进程与线程
进程(process): 进程是操作系统进行资源分配的基本单位 线程(thread): 线程是进程中的一个执行单元
可以将操作系统看做一个学校, 学校里面有很多班级(多进程), 多个班级互相独立, 每个班级中有多个学生(多线程) 多个线程 之间可以共享进程的资源
多进程
- multiprocessing.Process
- 各个进程相互独立(资源不共享)
py
from multiprocessing import Process
from time import sleep, time
from os import getpid, getppid
def sing(times):
# 获取当前进程 pid
print(f"sing pid is {getpid()}")
# 获取当前的父进程 pid
print(f"sing parent process pid is {getppid()}")
for i in range(times):
# 模拟运行时间长的代码操作
sleep(1)
print(f"sing-{i}")
def dance(times):
print(f"dance pid is {getpid()}")
print(f"dance parent process pid is {getppid()}")
for i in range(times):
sleep(1)
print(f"dance-{i}")
# 只用主进程执行
def run_single_process():
sing(3)
dance(4)
# 多进程执行
def run_multi_process():
# 创建子进程(使用元组传参)
sing_process = Process(target=sing, args=(3,))
# 使用字典传参
dance_process = Process(target=dance, kwargs={"times": 4})
# 子进程开始执行
sing_process.start()
dance_process.start()
# 确保子进程执行完
sing_process.join()
dance_process.join()
if __name__ == "__main__":
print(f"---main-start---, pid is {getpid()}")
start_time = time()
# run_single_process() # 7s
run_multi_process() # 4s
end_time = time()
used_time = int(end_time - start_time) # seconds
print(f"---main-end---, used time {used_time}")
多线程
- threading.Thread
- 各个线程在同一个进程中, 资源是共享的
有了多进程(同时处理多个任务), 为什么还需要多线程
因为: 进程是操作系统进行资源分配的基本单位, 每开一个线程就会占用一定的资源且无法共享, 但是如果是多线程, 同属一个进程的多个线程可以共享资 源, 开销更小
如果要使用多进程, 相当于学校需要增加一个班级 而使用多线程, 只是在一个班级中增加了一个学生
py
from threading import Thread
from time import sleep, time
from os import getpid
def sing(times):
# 获取当前进程 pid, 此时 pid 和主线程是
# 一样的, 证明在同一个进程中
print(f"sing pid is {getpid()}")
for i in range(times):
# 模拟运行时间长的代码操作
sleep(1)
print(f"sing-{i}")
def dance(times):
print(f"dance pid is {getpid()}")
for i in range(times):
sleep(1)
print(f"dance-{i}")
# 单线程执行
def run_single_process():
sing(3)
dance(4)
# 多线程执行
def run_multi_process():
# 创建子线程(使用元组传参)
sing_thread = Thread(target=sing, args=(3,))
# 使用字典传参
dance_thread = Thread(target=dance, kwargs={"times": 4})
# 子线程开始执行
sing_thread.start()
dance_thread.start()
# 确保子线程执行完
sing_thread.join()
dance_thread.join()
if __name__ == "__main__":
print(f"---main-start---, pid is {getpid()}")
start_time = time()
# run_single_process() # 7s
run_multi_process() # 4s
end_time = time()
used_time = int(end_time - start_time)
print(f"---main-end---, used time {used_time}")
多线程练习
py
# 多线程练习(爬虫)
import requests
import json
from bs4 import BeautifulSoup
from threading import Thread
def download(url):
resp = requests.get(url)
return resp.text
def parse(html):
soup = BeautifulSoup(html, "html.parser")
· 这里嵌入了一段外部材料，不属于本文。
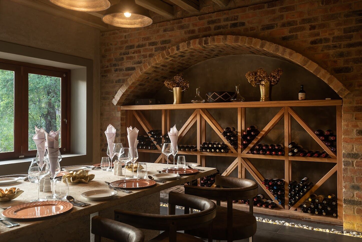 Hovedbygningen omfatter bar, spise/lounge-område, udendørs lounge samt terrasse med spiseborde og udsigt samt vinkælder. Desuden er der en såkaldt afrikansk boma. Bomaer blev oprindelig brugt for at beskytte husholdningens egne dyr mod vilde dyr, men navnet benyttes i dag for et udendørs spiseområde med en grill og et åbent ildsted. Der er desuden mulighed for mange forskellige wellness behandlinger (mod betaling).

links = soup.find_all("a", class_="post-item-title")
# return [(link.attrs["href"], link.get_text()) for link in links]
items = []
for link in links:
items.append(
{
"url": link.attrs["href"],
"title": link.get_text(),
}
)
return items
def save_json(file_path, items):
with open(file_path, "w", encoding="utf-8") as file:
file.write(json.dumps(items, ensure_ascii=False))
urls = [
# urls
f"https://www.cnblogs.com/#p{page}"
for page in range(1, 10)
]
def run():
i = 0
for url in urls:
i += 1
file_path = f"./run-{i}.json"
for page_items in parse(download(url)):
print(page_items)
save_json(file_path, page_items)
print(f"{file_path} wirte finish")
print("--- finish ---")
def run_with_mp():
def task(i, url):
file_path = f"./run-with-mp-{i}.json"
for page_items in parse(download(url)):
print(page_items)
save_json(file_path, page_items)
print(f"{file_path} wirte finish")
i = 0
for url in urls:
i += 1
t = Thread(target=task, args=(i, url))
t.start()
t.join()
print("--- finish ---")
# 两个函数对比, 可以明显的感觉出来 run_with_mp 速度更快
# run()
run_with_mp()
竞争态与线程锁
py
from threading import Thread, current_thread
class Account:
def __init__(self, balance):
self.balance = balance
def draw(account, amount):
if account.balance >= amount:
print(f"{current_thread().name}-取钱成功")
### maybe switch thread ###
account.balance -= amount
print(f"{current_thread().name}-余额:{account.balance}")
else:
print(f"{current_thread().name}-取钱失败")
print(f"{current_thread().name}-余额:{account.balance}")
account = Account(100)
amount = 80
t1 = Thread(name="t1", target=draw, args=(account, amount))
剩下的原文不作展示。